Solution Explanation and Code for 1684. Count the Number of Consistent Strings

This problem asks us to count the number of strings in a given array words that are "consistent" with a given string allowed. A string is consistent if all its characters are present in the allowed string.

We can solve this problem using two main approaches:

1. Hash Table (or Set) Approach:

This is a more straightforward approach. We first create a set (or hash table) containing all the characters in the allowed string. This allows for O(1) lookup time to check if a character exists in allowed. Then, we iterate through each string in words. For each string, we iterate through its characters, checking if each character is present in our set. If all characters are present, we increment a counter.

Time Complexity: O(m), where m is the total number of characters across all strings in words. This is because we iterate through the allowed string once to build the set, and then we iterate through all the characters in the words array.

Space Complexity: O(k), where k is the number of unique characters in allowed. This is the space used to store the set. In the worst case, k could be 26 (all lowercase English letters).

Code Implementation (Python):

class Solution:
    def countConsistentStrings(self, allowed: str, words: List[str]) -> int:
        allowed_set = set(allowed)
        count = 0
        for word in words:
            is_consistent = True
            for char in word:
                if char not in allowed_set:
                    is_consistent = False
                    break
            if is_consistent:
                count += 1
        return count
 

2. Bit Manipulation Approach:

This approach is more concise and potentially faster for large inputs. We represent the characters in allowed and each word as bitmasks. Each bit in the bitmask represents a letter of the alphabet (a=0, b=1, ... z=25). A bit is set to 1 if the corresponding letter is present in the string, and 0 otherwise.

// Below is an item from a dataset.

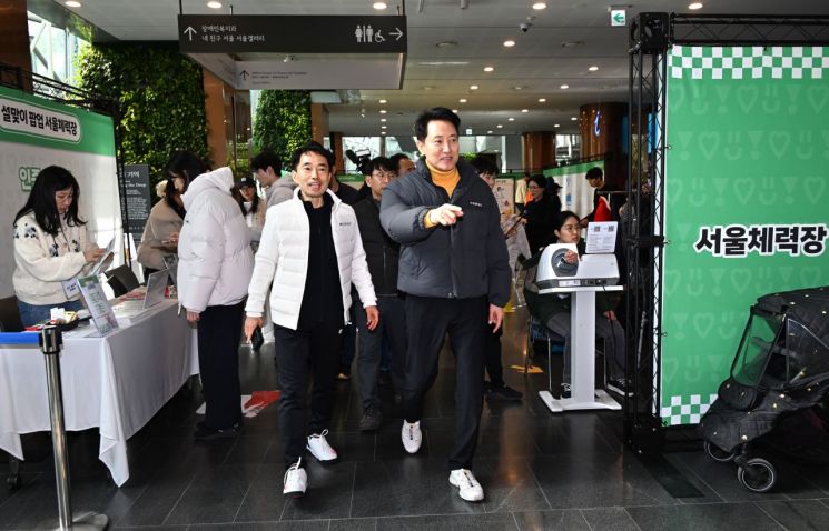 오세훈 서울시장은 이날 시청 1층 로비에서 열리고 있는 설맞이 서울체력장 파업과 서울갤러리 현장을 둘러보고 시민들과 새해 인사를 나눴다.
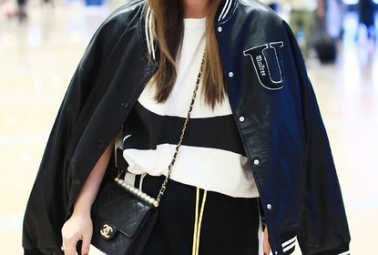 北京,演员小李琳素颜现身机场。她头戴黑色渔夫帽,身穿黑色穿棒...

We create a bitmask for allowed. Then, for each word in words, we create its bitmask. A word is consistent if its bitmask is a subset of the allowed bitmask (meaning all its set bits are also set in the allowed bitmask). We can check this using a bitwise AND operation. If word_mask & allowed_mask == word_mask, the word is consistent.

Time Complexity: O(m), where m is the total number of characters in words. We iterate through each character once to build the bitmask.

Space Complexity: O(1). We use a constant amount of extra space to store the bitmasks.

Code Implementation (Python):

class Solution:
    def countConsistentStrings(self, allowed: str, words: List[str]) -> int:
        allowed_mask = 0
        for char in allowed:
            allowed_mask |= (1 << (ord(char) - ord('a')))
 
        count = 0
        for word in words:
            word_mask = 0
            for char in word:
                word_mask |= (1 << (ord(char) - ord('a')))
            if (word_mask & allowed_mask) == word_mask:
                count += 1
        return count

Both approaches have the same time complexity, but the bit manipulation approach might offer a slight performance advantage due to its efficient bitwise operations. The hash table approach is generally easier to understand and implement. The choice between the two depends on your priorities (readability vs. potential performance gain). The provided solutions earlier contain implementations in various languages reflecting both approaches.